(Exercise)
What are the lines from the top of the entries below through the line containing "BRUKSANVISNING T973 NAD"? Return them exactly, both ends included, without the pictures.

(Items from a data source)
══════════════════════════════

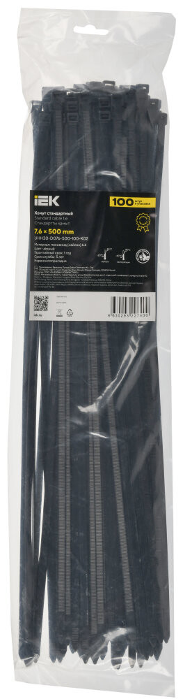 Полное описание товара Хомут P6.6 стандартный черный 7.6х500мм 100шт/упак IEK (IEK) UHH30-D076-500-100-K02
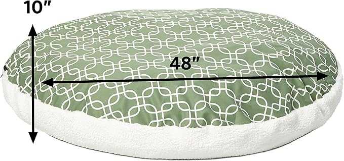 - Over-stuffed poly-fibber dog bed features Teflon Fabric Protector for long use. Dog pet bed measures 48 inches round x 10H", large dog breed, green
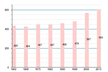 Население коммуны в 2011 году составляло 602 человека[6], в 2012 году — 603 человека[7], а в 2013-м — 605 человек[5].
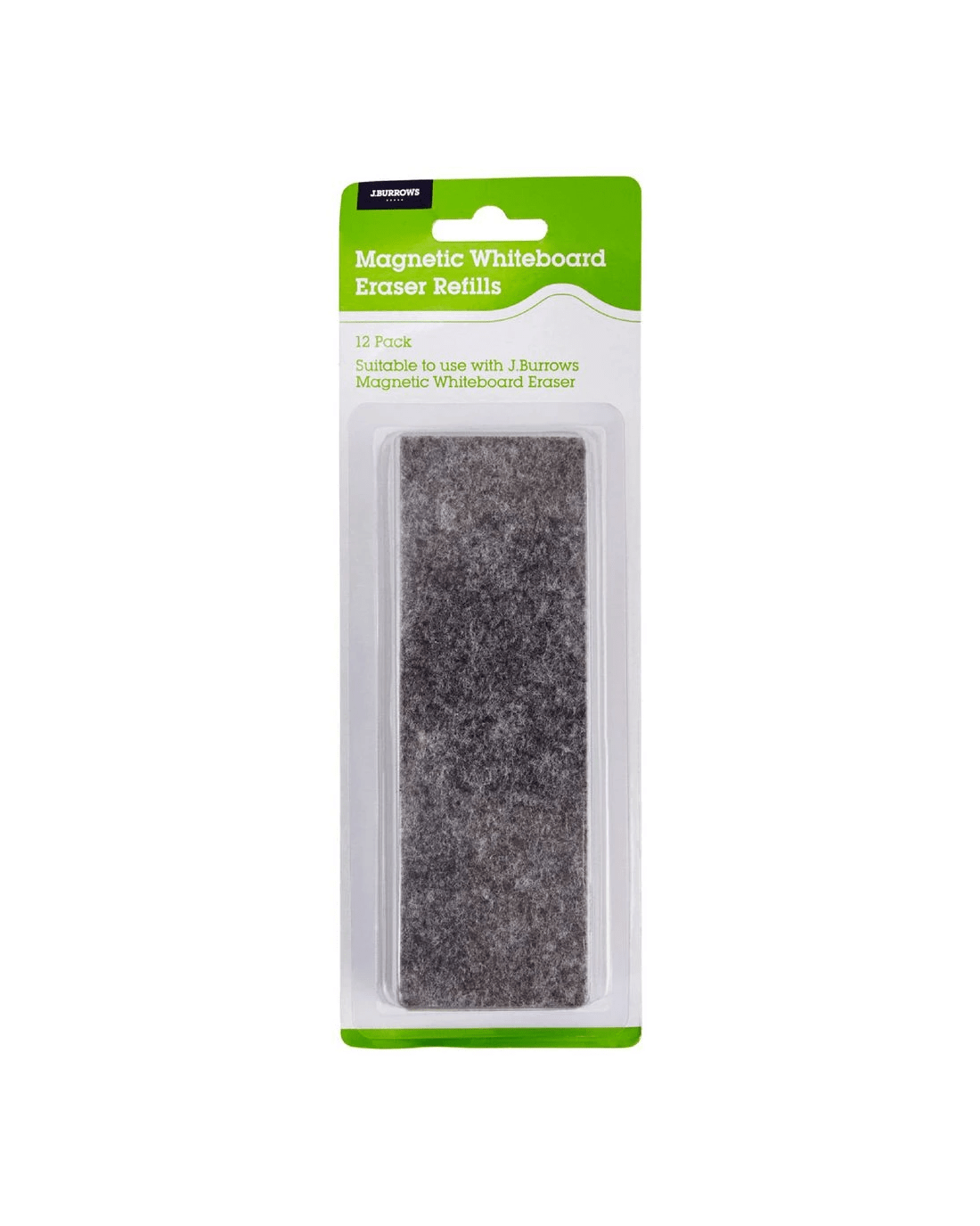 J.Burrows Magnetic Whiteboard Eraser Refills 12 Pack
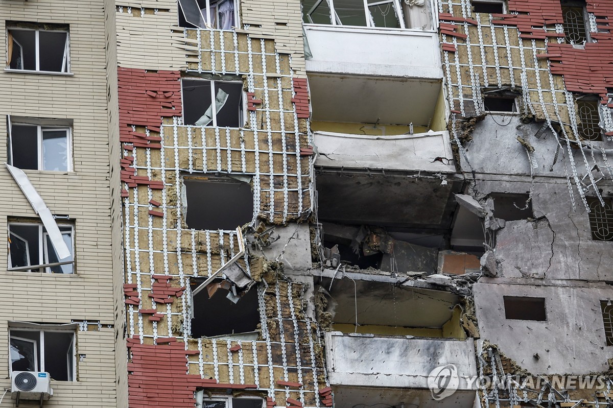 러시아 드론 공격에 부서진 키이우 아파트. 로이터=연합뉴스
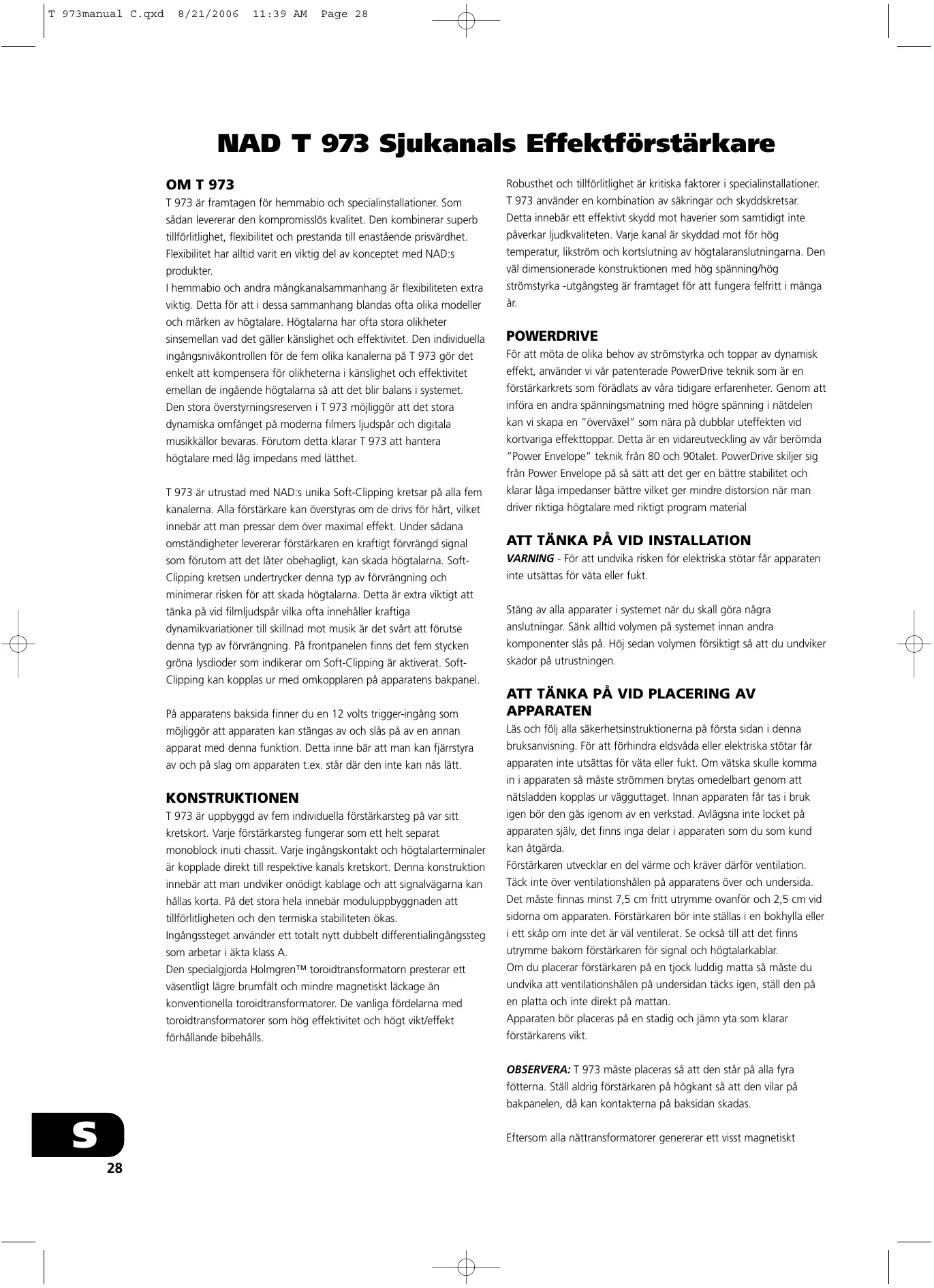 BRUKSANVISNING T973 NAD
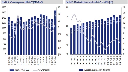 * 2QFY26 - margin above JMFe: HMCL reported net sales of INR 121.3 bn (+15.9% YoY, +26.6% QoQ), in line with JMFe. Volumes during 2Q grew 11.3% YoY (+23.7% QoQ) to c. 1.69 mn units. Realisations improved by 4.2% YoY (+2.4% QoQ), primarily driven by a favourable mix and pricing. EBITDA stood at INR 18.2 bn (+20.3% YoY, +32% QoQ), 2.9% above JMFe. EBITDA margin was 15% (+50 bps YoY, +60 bps QoQ), beating JMFe estimates by 30 bps. PAT came in at INR 13.9 bn (+15.7% YoY, +23.7% QoQ), 2% below JMFe. Spares revenue stood at INR 15.3 bn (+5% YoY), accounting for approximately 13% of revenue during 2Q.
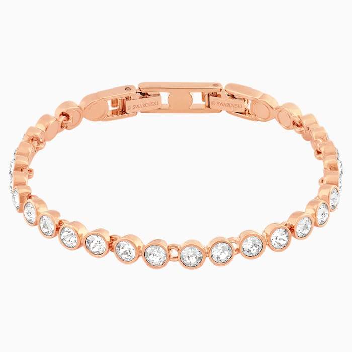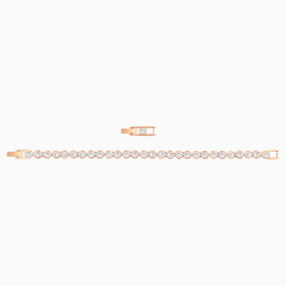 L'apprezzatissimo braccialetto Tennis Swarovski è ora declinato in un'attuale versione placcata oro rosa! Il filo di Clear Crystal montati a castone connoterà con il suo stile discreto e raffinato ogni abito. Il gioiello monta un fermaglio ripiegabile ed è abbinato ad un elemento-prolunga.
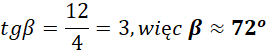 Wyznacz miary kątów między przekątnymi ścian bocznych bryły, a jej podstawą.
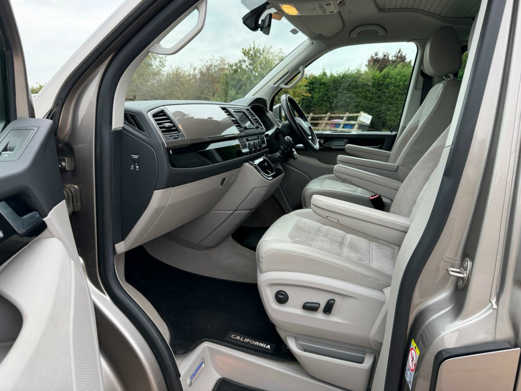 This 2018 Volkswagen California TSI Ocean presents an exceptional opportunity with its remarkably low mileage of just 17,931 miles, a significant advantage for a vehicle of its age. This Euro 6 compliant model boasts a 2.0 litre petrol engine and benefits from a full dealership service history, with its last service completed on 21 October 2025 at 17,900 miles. A clear vehicle history check confirms its pristine background. Notable features include front and rear parking sensors with parking assistance, a handy magnetic flashlight, and a striking Glacier Blue pop up roof. Inside, you'll find a 6.33 inch Composition Media radio with a touch screen, complemented by the Dynaudio Digital Sound Pack for an enhanced audio experience.The exceptional provenance of this California TSI Ocean, particularly its very low mileage and comprehensive service record, sets it apart from other vehicles on the market. The inclusion of advanced parking assistance systems, a premium Dynaudio sound system, and the distinctive pop up roof in Glacier Blue further elevate its appeal. This Volkswagen California is designed to offer both practicality and enjoyment, making it a truly special proposition for its next owner.. 12v and 230v UK Socket, 2 Remote Folding Keys, 230-V Supply with Charging Feature for Vehicle Batteries, 3-point Seatbelts on all Seats, ABS - Anti-Lock Braking System, Additional Exterior Dust Seals, Airbags - Driver and Front Passenger Side and Front Curtain with Seatbelt Tensioners and Passenger Deactivation, Alternator - 180A, Anti-Theft Alarm System with Interior Monitoring in Cab - Backup Horn and Tow-Away Protection, Anti-glare Adjustable Rear-view Mirror, Armrest - Driver and Single Passenger Seat, Awning Rail - Black with Tent Adapter, BAS - Brake Assist System, Bluetooth Hands Free Set, Body Coloured - Door Mirrors and Door Handles, Body Coloured Bumpers Front and Rear, Central Electronic Control System, Child Lock for Sliding Doors in Passenger Compartment, Chrome-Plated Strip on Air Intake of Charge Air Cooler, Climatronic 3-Zone A-C with 2nd Evaporator - Auxiliary Heater - Air Conditioned Headliner and Additional Passenger Control, Comfort Dashboard Package, Composition Colour DAB Plus Radio, Cool-Warm Box - 42 Litre Capacity with Removable Basket, Cupboard with Dark Wood Trim-Without Outdoor Shower Connection, Dashboard - Dimmable Illumination, Daytime Running Lights, Decorative Insert Dark Brushed Silver Decorative Strip in Anthracite Metallic, Decorative Inserts on Dashboard, Digital Clock, Dipping Breakaway Interior Rear View Mirror, Door Stowage - Two Compartments with Bottle Holder able to Accommodate 1.5 Litre Drinks Bottles, Double-Glazed Fixed Side Windows to Near-Side and Off-Side Rear, Driver Alert System, Driver Exterior Door Mirror - Aspherical, Drop-Down Rear Compartment - Features Textured Dark Wood-Effect Trim and Incorporates Rear Speakers, Dust and Pollen Filter, EBD - Electronic Brakeforce Distribution, ESP - Electronic Stability Programme, Electric Hook-up on Near-side Rear, Electric Windows - Front, Electronic Differential Lock - EDL, Fabric Window Blinds - Black Out - in Cab and Passenger Compartment, First Aid Kit and Warning Triangle, Fixed Side Windows to Near-Side Rear and Off-Side Front and Rear, Flexible Halogen Spotlight - Multi-Directional Stem - Targets Light Into the Living Area or Pop-Up Roof, Flexible Worktop with Drop-Down Leg, Floor-Mounted Sliding Rail System, Folding Chairs Stowed in Tailgate x2, Folding Table Stowed in Sliding Door, Fresh Water Storage Tank - 30 Litre with Lockable External Filler Cap on Near-Side Rear and Electric Pump, Front Assist including City Emergency Braking without Adaptive Cruise Control, Front Fog Lights with Cornering Lights, Galvanised Body - Steel, Gas Storage Compartment - Takes 2.8kg Gas Cylinder and Includes Gas Pressure Regulator with Shut-Off Valve, Gas Stove with Two Burners and Pressure Test Point, Glovebox - Lockable, Grab Handles on A-Pillars, Grille - High-Gloss Black with Chrome Mouldings, Headlight Range Adjustment, Headlights - Halogen Twin - Range Adjustable, Headlining - Moulded and Trimmed In Fabric, Heat Insulating Glass with Green Tint in Cab and Living Area, Heated Driver and Front Passenger Seats, Height-Adjustable Head Restraints on All Seats, Hill Hold Assist, ISOFIX and Top Tether Child Anchorage for Caravelle-California in 2nd to 3rd Rows, ISOFIX and Top Tether Child Seat Anchorage - 2nd to 4th Rows, Interior Light, Interior Light Concept for Camper Comfort in Passenger Compartment, Intermittent Windscreen Wiper Control, Kitchen Unit, Leather Multi-Function Steering Wheel and Gear Knob with Radio and Telephone Controls, Lighting Above Side Sliding Door and Kitchen Unit, Lights and Vision Package, Locking Wheel Bolts, Lower Bed with Sleeping Mat, Luggage Compartment - Under Lower Bed Extension, Lumbar Support for Driver and Single Passenger Seats - Manual, Luxury Cut Pile Floor Mats, Manual Side Sliding Door - Drivers Side, Multi-Function Display Plus, Passenger Exterior Door Mirror - Convex, Plastic Entrance Step Protection, Plastic Side Mouldings, Plastic Tailgate Sill Protection., Pop-Up Aluminium Roof - Electric Activa. Full dealership history
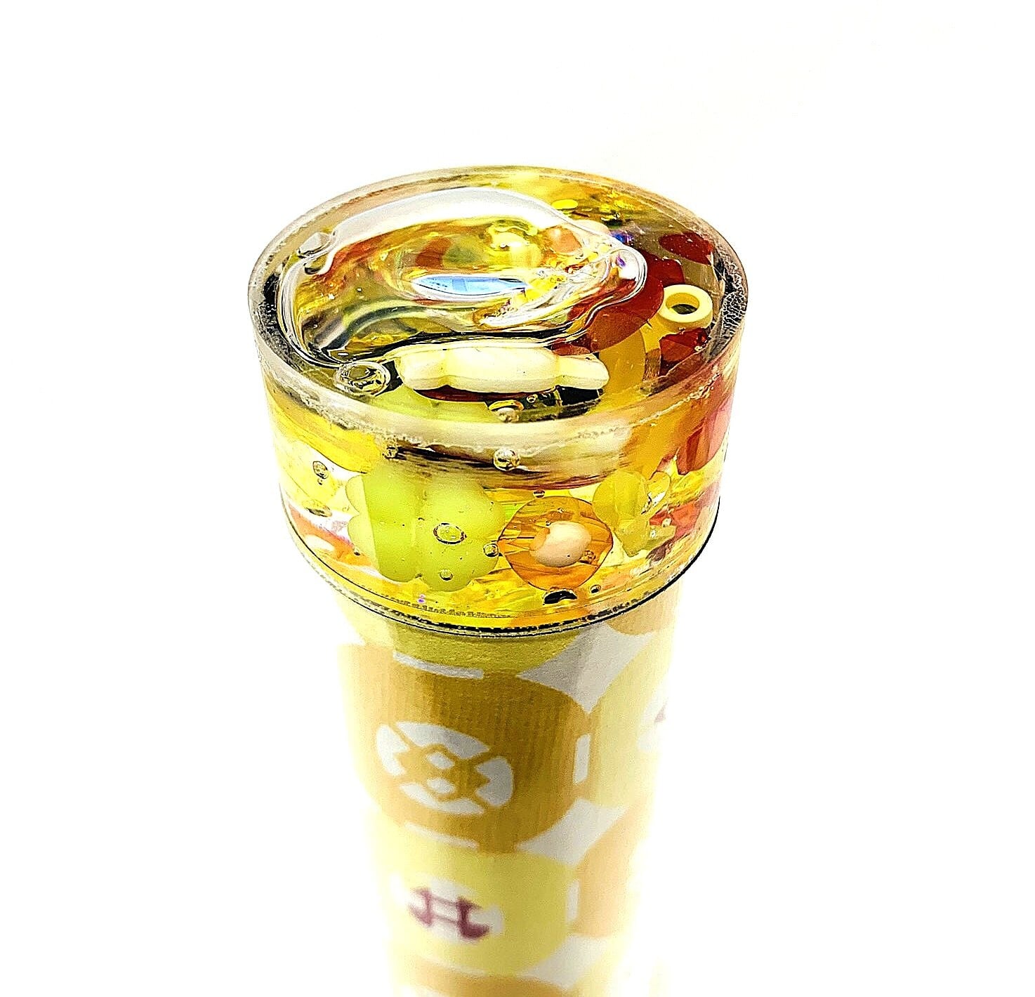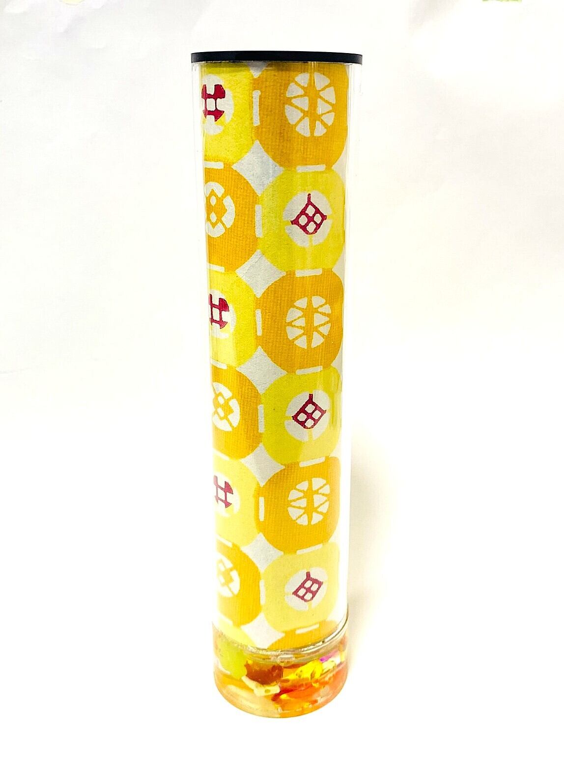 筒部分には透明なアクリル板の下に黄色を基調とした和紙が
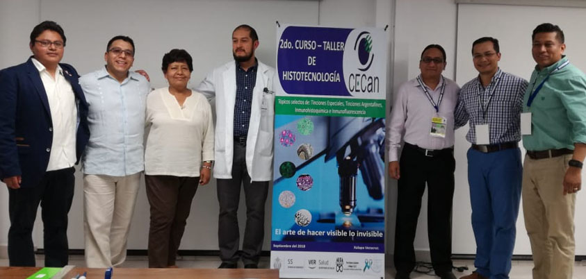 Gracias a la participación de todos los colaboradores que hicieron posible el éxito; en esta reunión se trataron temas de importancia para la práctica y los avances que día a día enriquecen nuestra especialidad. El uso de diferentes técnicas histológicas, la inmunohistoquimica e Inmunofluorescencia han cambiado los paradigmas en el diagnóstico histopatológico que trae enormes beneficios a los pacientes que diariamente tenemos en nuestras manos. En el marco de nuestro curso, reconocimos el trabajo de dos grandes profesionistas de la Histotecnología en nuestro país; Dra. Guadalupe Melo Santiesteban Directora del Instituto de Medicina Forense de la Universidad Veracruzana y la Ht. Elodia Sida Martínez maestra del Instituto Nacional de Pediatría de la Ciudad de México.
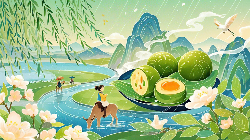 首页 > 插画 > 科技艺术 > 国潮风 > 青团牧童山水中国风清明节插画
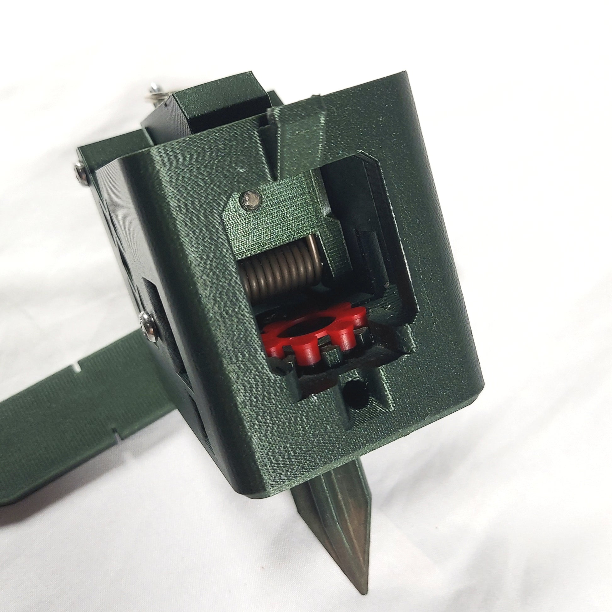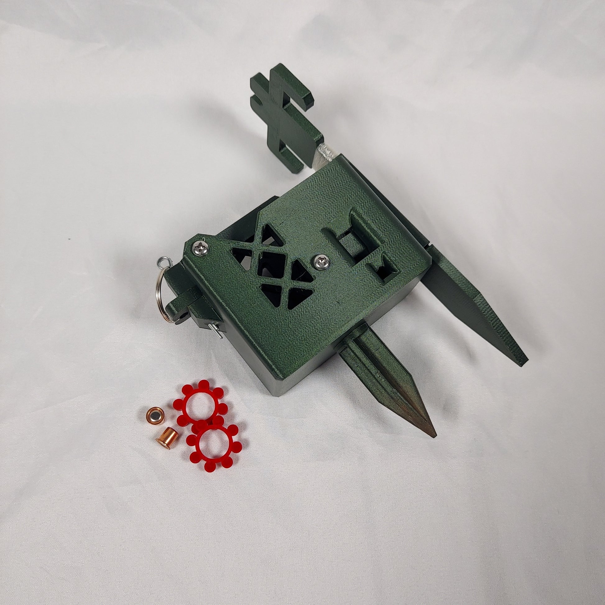 The 'MouseTrap' is our first tripwire-activated airsoft landmine. It primarily consumes 8-shot ring-caps used in toy cap guns to make a very loud bang, which are super cheap, reliable, and the same caps we use in our ThunderStrike V2 grenade. But not only does it use ring-caps, it can also use common .209 shotgun primers, making it compatible with two different kinds of ammo. And the most unique part of the mine is that it's fully powered by an actual mouse trap torsion spring, hence being named 'MouseTrap'. This allows for an ultra-compact and unique design, while delivering powerful performance. The system also features a break-away tripwire sear, eliminating safety hazards and physical damage to the mechanism.

══════════════════════════════

(Task answer)
 Полное описание товара Хомут P6.6 стандартный черный 7.6х500мм 100шт/упак IEK (IEK) UHH30-D076-500-100-K02
 - Over-stuffed poly-fibber dog bed features Teflon Fabric Protector for long use. Dog pet bed measures 48 inches round x 10H", large dog breed, green
 Население коммуны в 2011 году составляло 602 человека[6], в 2012 году — 603 человека[7], а в 2013-м — 605 человек[5].
 J.Burrows Magnetic Whiteboard Eraser Refills 12 Pack
 러시아 드론 공격에 부서진 키이우 아파트. 로이터=연합뉴스
 BRUKSANVISNING T973 NAD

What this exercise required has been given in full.